A viagem de Weyden a Roma em 1450 é evidenciada por duas pinturas, a Entombamento em Florença e a Virgem e Criança com Pedro, João Batista, Cosmas e Damião em Frankfurt, que se baseiam em iconografias italianas únicas, mas que permanecem em estilo completamente nórdico. A Braque Tríptico em Paris, no entanto, revela uma nova e monumentalizada concepção de forma que só poderia derivar de um estudo próximo e apreciação da pintura italiana.

A síntese do recém-adquirido “estilo monumental” com a perspectiva inerentemente abstrata de Weyden é conseguida na Bladelin Triptych em Berlin-Dahlem (ca. 1452), um retábulo pintado para Pierre Bladelin, Receptor Geral de Borgonha. O tema da Natividade é aqui tratado de uma maneira que efetivamente funde a preocupação do pintor tanto pelos valores planares como espaciais. Isto é conseguido parcialmente pelo uso de uma composição clássica, triangular para estabilizar o fluido, movimento de formas intertravadas sobre a superfície da pintura.

Periodo tardio

A chamada ultima maniera, que data de cerca de 1456 até sua morte em 1464, é baseada em uma sensação de refinamento espiritual elevado em combinação com um ascetismo pictórico crescente. Este estilo tardio é revelado pela primeira vez na austeramente bela Crucifixion Diptych em Filadélfia, na qual o artista reduziu o cenário a uma parede de pedra nua para elevar e dramatizar o conteúdo emocional. As formas são alongadas e desmaterializadas, transmitindo assim a mensagem espiritual da obra em termos essencialmente abstratos e estilizados.

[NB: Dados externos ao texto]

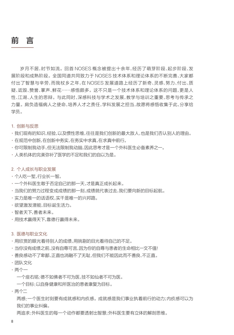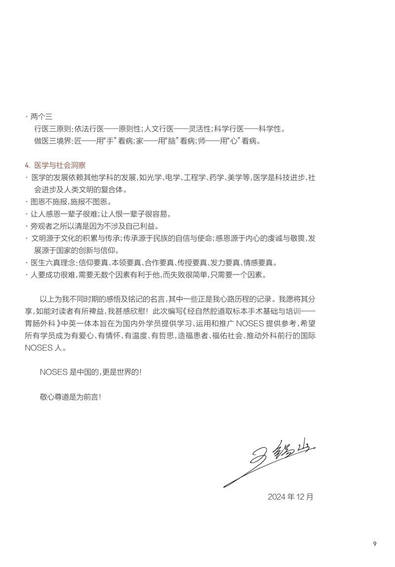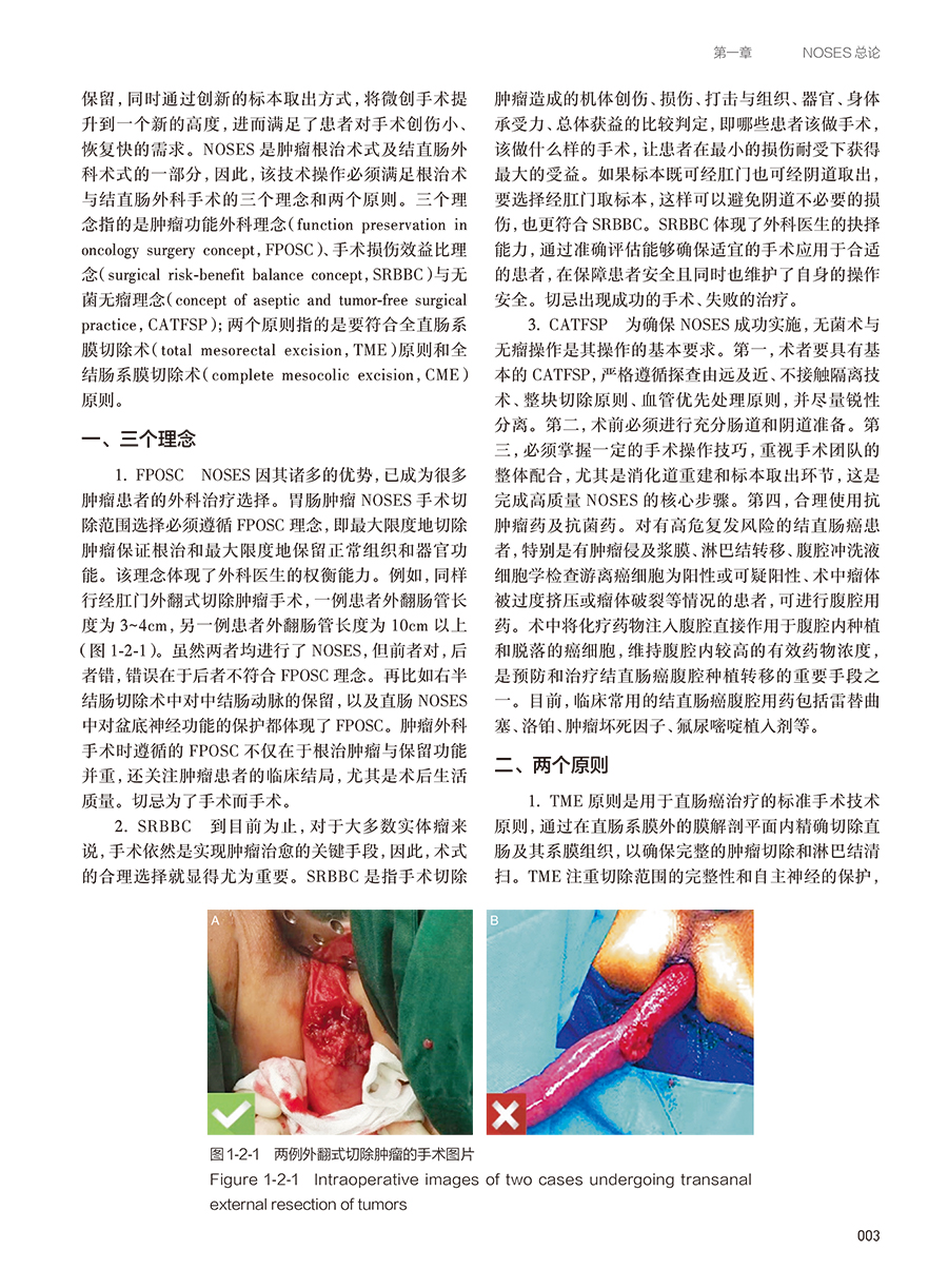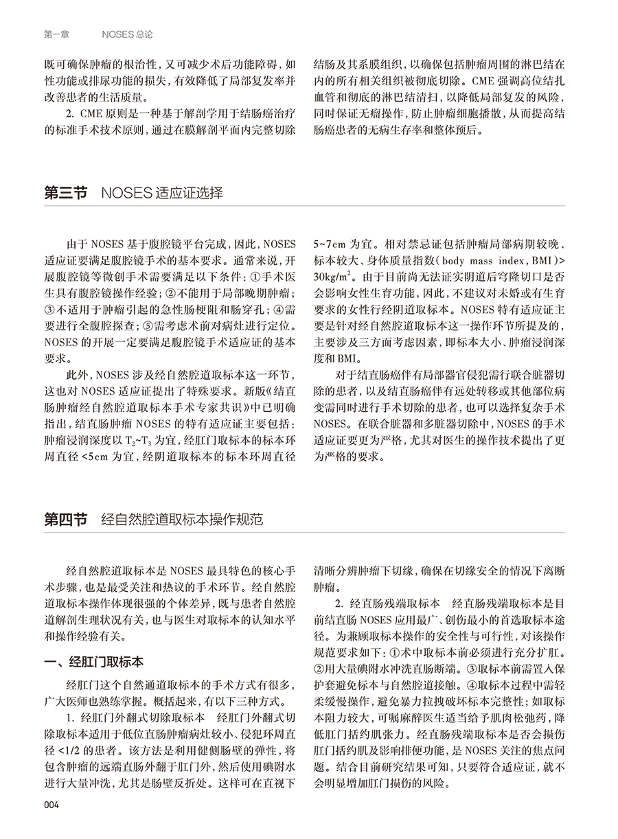 全书分为五个部分,总论、术前准备、腹腔镜结直肠NOSES、腹腔镜胃NOSES和并发症防治。 【1】总论包含NOSES提出的背景、定义、目前临床开展现状、技术的优势与局限性、分类及适应证、专用器械设备与无菌无瘤技术等内容。 【2】术前准备包括患者评估、手术选择、设备准备、团队配备、医患沟通等方面的内容。有助于临床医师在术前全面考虑各种因素,以确保手术顺利进行,提高手术成功率和患者满意度。 【3】腹腔镜结直肠NOSES详细阐述23个结直肠NOSES术式的基本操作步骤。内容涵盖经直肠与经阴道取标本的低位直肠、中位直肠、高位直肠、乙状结肠、左半结肠、右半结肠和全结肠手术。 【4】腹腔镜胃NOSES详细阐述9个胃NOSES术式的基本操作步骤。内容涵盖经直肠与经阴道取标本的远端胃、近端胃及全胃切除术。 【5】并发症防治介绍NOSES中常见的并发症及其处理策略,包括腹腔感染、吻合口漏、肠梗阻等。

A St. Columba Altarpiece em Munique (ca. 1462) é a última das obras sobreviventes de Weyden e forma uma nobre conclusão para sua carreira. Nesta pintura, seu único tratamento do tema da Adoração dos Reis Magos, Weyden atinge uma harmonia total de desenho de superfície fluida com equilíbrio formal e organização espacial esclarecida. A beleza gráfica é alcançada sem sacrifício de massa ou volume, enquanto a graça e a elegância são reveladas dentro de um contexto de espiritualidade significativa. Um dos mais apaixonados de todos os pintores religiosos, Weyden criou uma síntese magisterial como seu legado final para a pintura do norte.

Os retratos de Weyden refletem um desenvolvimento estilístico semelhante ao encontrado nas obras religiosas. O Portrait of a Young Lady em Berlim é uma obra incipiente composta da maneira fria e desprendida de Jan van Eyck. A elegante Portrait of a Lady em Washington (ca. 1455) está em conformidade com o estilo mais refinado do período médio de Weyden. A estilização e a abstração linear são aqui empregadas para impor o próprio senso de reserva aristocrática do pintor à pessoa sentada. Como conseqüência, a obra torna-se um estudo do próprio caráter de Weyden em vez de uma declaração objetiva de fato a respeito de outro indivíduo.

O impacto da arte de Weyden na pintura européia foi tão grande a ponto de praticamente desafiar os cálculos. Sua influência pode ser vista na próxima geração de pintores flamengos e também esteve presente, em certa medida, no trabalho de quase todos os artistas importantes franceses, alemães e espanhóis da segunda metade do século XV.

Leitura adicional sobre Rogier van der Weyden

Uma brilhante apreciação do trabalho de Rogier van der Weyden está em Erwin Panofsky Early Netherlandish Painting (2 vols., 1953), que contém uma análise sensível do desenvolvimento estilístico do pintor e um levantamento definitivo de todas as principais pinturas. Para uma visão mais antiga e agora parcialmente desacreditada da obra de Weyden, ver volume 2 de Max J. Friedländer, Early Netherlandish Painting, traduzido por H. Norden (2 vols., 1967). Rogier é discutido em R. H. Wilenski, Pintores Flamengos, 1430-1830 (2

vols., 1960); Margaret Dickens Whinney, Early Flemish Painting (1968); e Charles D. Cuttler, Northern Painting from Pucelle to Bruegel (1968).

Fontes Biográficas Adicionais

Campbell, Lorne, Van der Weyden,Nova York: Harper & Row, 1980.